═══ Given information
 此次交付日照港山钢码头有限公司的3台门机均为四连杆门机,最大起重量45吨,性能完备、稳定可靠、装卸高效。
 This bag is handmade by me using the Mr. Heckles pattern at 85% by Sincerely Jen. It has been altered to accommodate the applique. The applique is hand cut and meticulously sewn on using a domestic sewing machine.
══════
═══ Given information
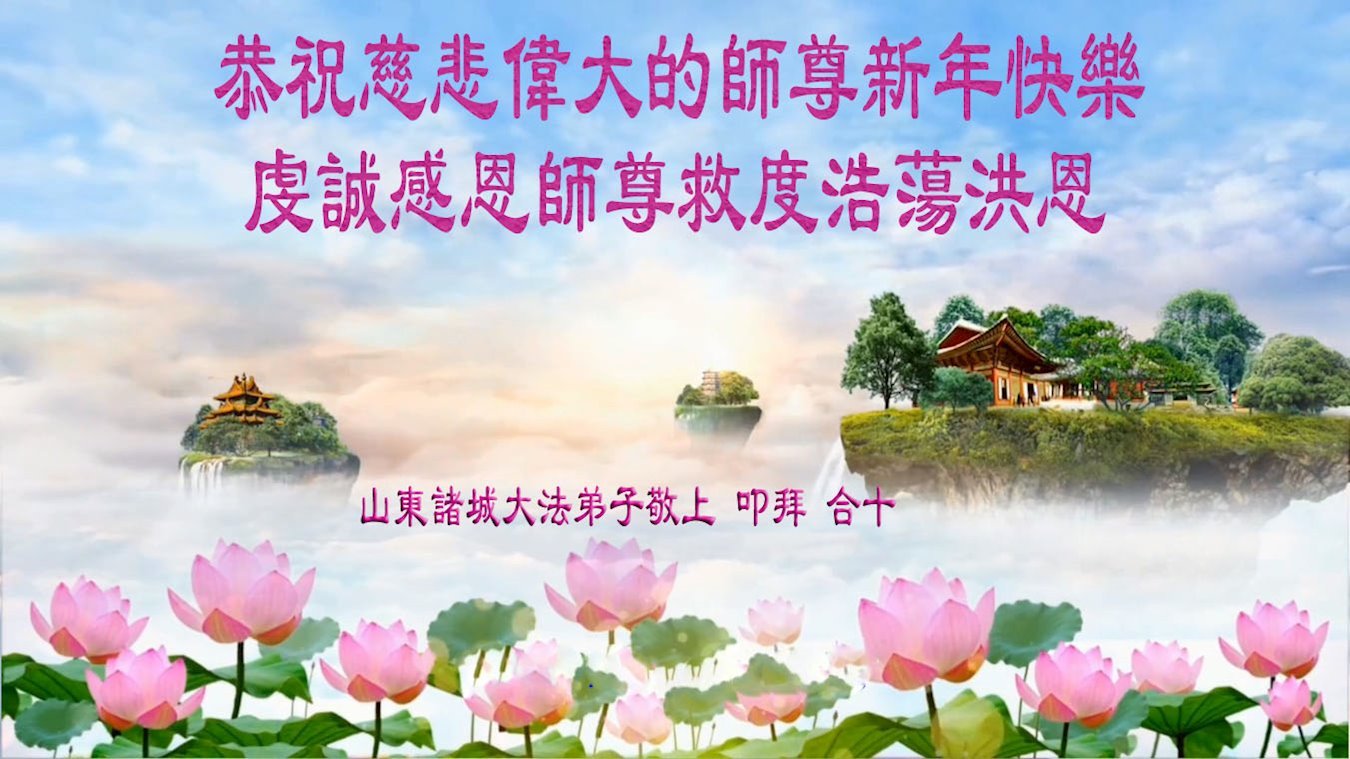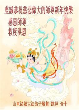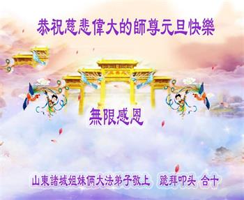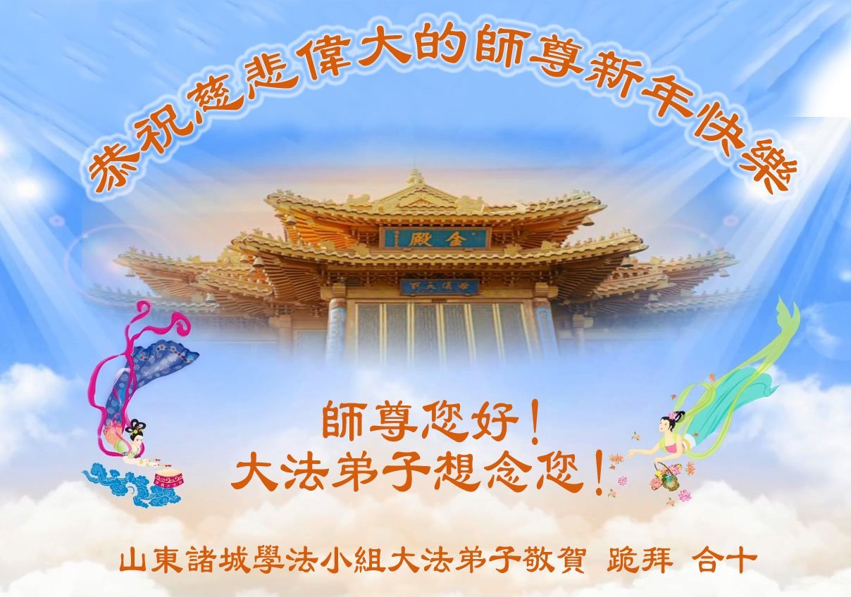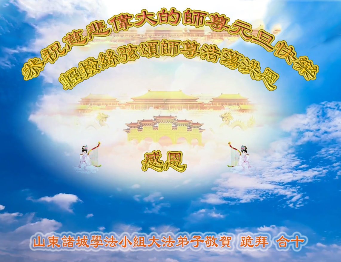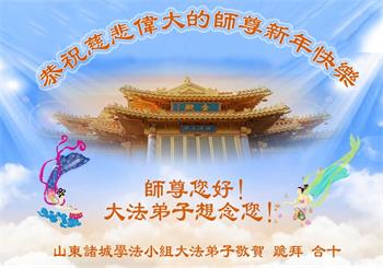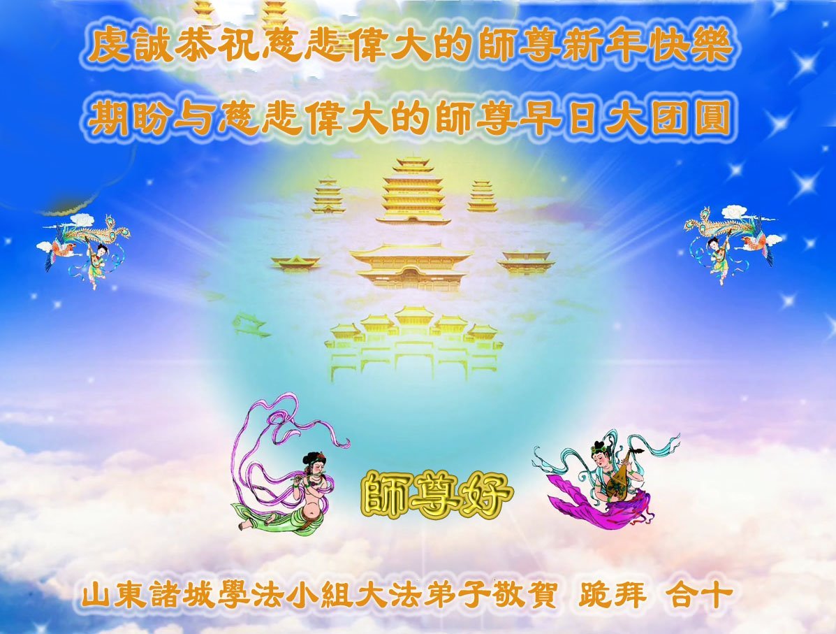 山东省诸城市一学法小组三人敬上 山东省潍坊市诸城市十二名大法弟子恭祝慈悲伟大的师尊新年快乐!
══════
═══ Given information
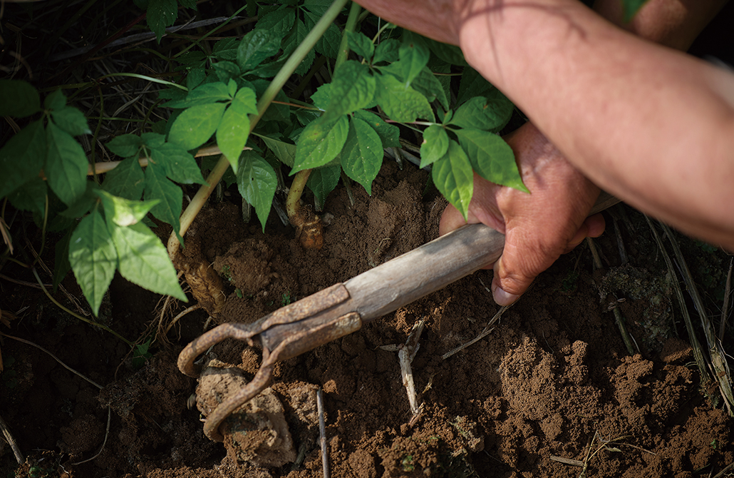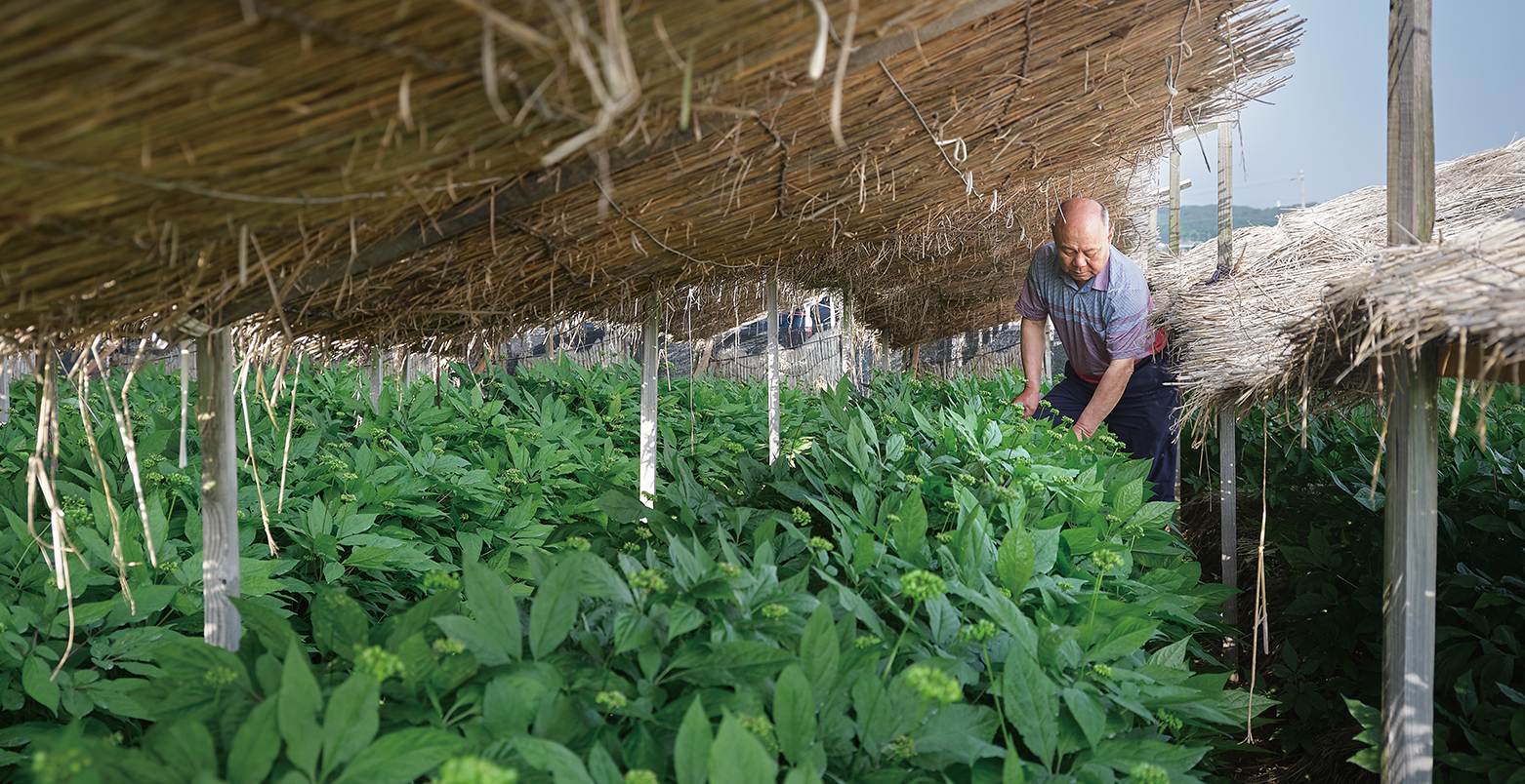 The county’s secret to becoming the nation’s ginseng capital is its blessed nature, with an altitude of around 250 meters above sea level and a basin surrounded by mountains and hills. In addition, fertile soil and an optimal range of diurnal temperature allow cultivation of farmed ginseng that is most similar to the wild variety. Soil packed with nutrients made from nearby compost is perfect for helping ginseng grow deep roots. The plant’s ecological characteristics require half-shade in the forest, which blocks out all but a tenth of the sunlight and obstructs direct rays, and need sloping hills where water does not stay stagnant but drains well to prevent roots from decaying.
══════
§ What the exercise asks: Starting at the line that has "此次交付日照港山钢码头有限公" in the records above, restate word for word every line until the one that has "This bag is", and include that one as well.

§ Solution to this task:
 此次交付日照港山钢码头有限公司的3台门机均为四连杆门机,最大起重量45吨,性能完备、稳定可靠、装卸高效。
 This bag is handmade by me using the Mr. Heckles pattern at 85% by Sincerely Jen. It has been altered to accommodate the applique. The applique is hand cut and meticulously sewn on using a domestic sewing machine.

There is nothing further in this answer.